----- GIVEN DATA -----

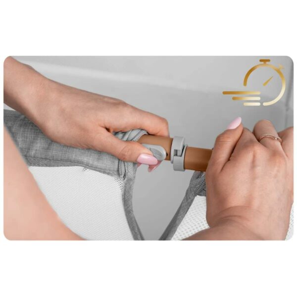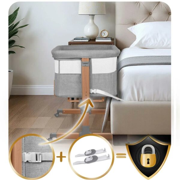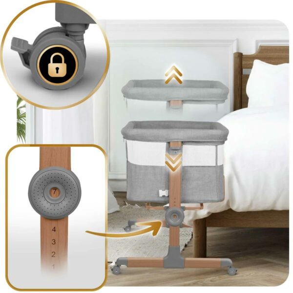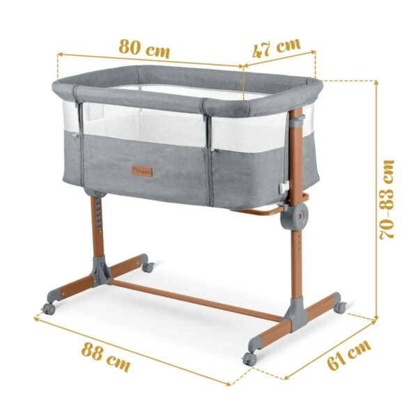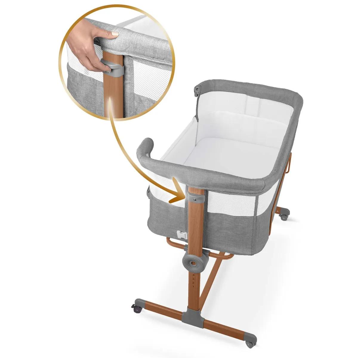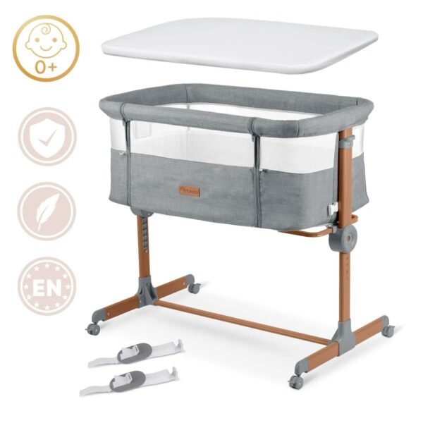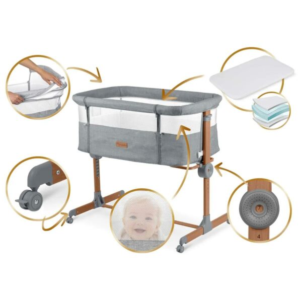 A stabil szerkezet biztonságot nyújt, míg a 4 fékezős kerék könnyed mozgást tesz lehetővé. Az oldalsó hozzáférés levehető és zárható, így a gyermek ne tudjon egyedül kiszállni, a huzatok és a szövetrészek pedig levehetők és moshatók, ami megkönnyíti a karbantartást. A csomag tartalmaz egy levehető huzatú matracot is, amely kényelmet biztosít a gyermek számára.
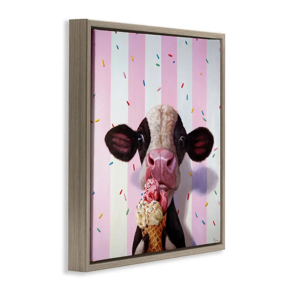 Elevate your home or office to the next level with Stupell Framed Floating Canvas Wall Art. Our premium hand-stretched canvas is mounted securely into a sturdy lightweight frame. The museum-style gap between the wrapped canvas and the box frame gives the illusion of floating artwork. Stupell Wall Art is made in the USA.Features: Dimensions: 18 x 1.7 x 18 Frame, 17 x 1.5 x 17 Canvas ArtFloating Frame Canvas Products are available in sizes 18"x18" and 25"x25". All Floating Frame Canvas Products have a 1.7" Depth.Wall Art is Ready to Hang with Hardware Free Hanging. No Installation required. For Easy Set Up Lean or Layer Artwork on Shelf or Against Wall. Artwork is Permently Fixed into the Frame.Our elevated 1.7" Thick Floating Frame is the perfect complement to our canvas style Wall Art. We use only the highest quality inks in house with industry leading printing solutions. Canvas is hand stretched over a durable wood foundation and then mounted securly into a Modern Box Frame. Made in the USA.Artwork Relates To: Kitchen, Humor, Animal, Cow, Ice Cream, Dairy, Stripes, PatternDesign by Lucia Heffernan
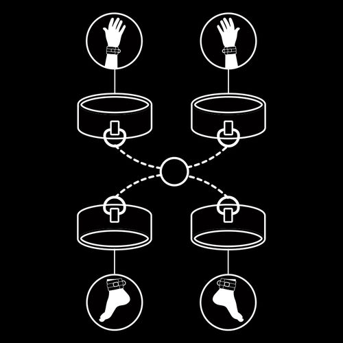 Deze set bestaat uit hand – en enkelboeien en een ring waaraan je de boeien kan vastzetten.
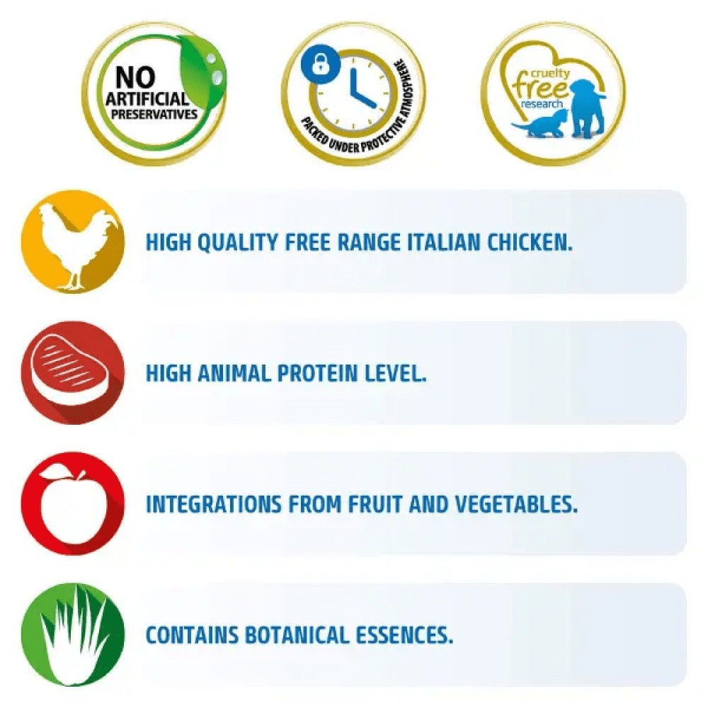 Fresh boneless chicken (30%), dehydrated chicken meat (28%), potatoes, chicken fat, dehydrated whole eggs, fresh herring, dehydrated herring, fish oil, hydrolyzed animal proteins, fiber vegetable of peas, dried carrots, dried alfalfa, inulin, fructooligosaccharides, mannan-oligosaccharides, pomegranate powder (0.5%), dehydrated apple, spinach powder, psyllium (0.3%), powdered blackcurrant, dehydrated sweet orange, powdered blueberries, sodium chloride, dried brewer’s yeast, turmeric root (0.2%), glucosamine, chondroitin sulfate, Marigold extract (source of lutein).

-----

EXERCISE DIRECTIONS: Return an exact transcription of the material, with its pictures left out.

EXERCISE ANSWER:
 A stabil szerkezet biztonságot nyújt, míg a 4 fékezős kerék könnyed mozgást tesz lehetővé. Az oldalsó hozzáférés levehető és zárható, így a gyermek ne tudjon egyedül kiszállni, a huzatok és a szövetrészek pedig levehetők és moshatók, ami megkönnyíti a karbantartást. A csomag tartalmaz egy levehető huzatú matracot is, amely kényelmet biztosít a gyermek számára.
 Elevate your home or office to the next level with Stupell Framed Floating Canvas Wall Art. Our premium hand-stretched canvas is mounted securely into a sturdy lightweight frame. The museum-style gap between the wrapped canvas and the box frame gives the illusion of floating artwork. Stupell Wall Art is made in the USA.Features: Dimensions: 18 x 1.7 x 18 Frame, 17 x 1.5 x 17 Canvas ArtFloating Frame Canvas Products are available in sizes 18"x18" and 25"x25". All Floating Frame Canvas Products have a 1.7" Depth.Wall Art is Ready to Hang with Hardware Free Hanging. No Installation required. For Easy Set Up Lean or Layer Artwork on Shelf or Against Wall. Artwork is Permently Fixed into the Frame.Our elevated 1.7" Thick Floating Frame is the perfect complement to our canvas style Wall Art. We use only the highest quality inks in house with industry leading printing solutions. Canvas is hand stretched over a durable wood foundation and then mounted securly into a Modern Box Frame. Made in the USA.Artwork Relates To: Kitchen, Humor, Animal, Cow, Ice Cream, Dairy, Stripes, PatternDesign by Lucia Heffernan
 Deze set bestaat uit hand – en enkelboeien en een ring waaraan je de boeien kan vastzetten.
 Fresh boneless chicken (30%), dehydrated chicken meat (28%), potatoes, chicken fat, dehydrated whole eggs, fresh herring, dehydrated herring, fish oil, hydrolyzed animal proteins, fiber vegetable of peas, dried carrots, dried alfalfa, inulin, fructooligosaccharides, mannan-oligosaccharides, pomegranate powder (0.5%), dehydrated apple, spinach powder, psyllium (0.3%), powdered blackcurrant, dehydrated sweet orange, powdered blueberries, sodium chloride, dried brewer’s yeast, turmeric root (0.2%), glucosamine, chondroitin sulfate, Marigold extract (source of lutein).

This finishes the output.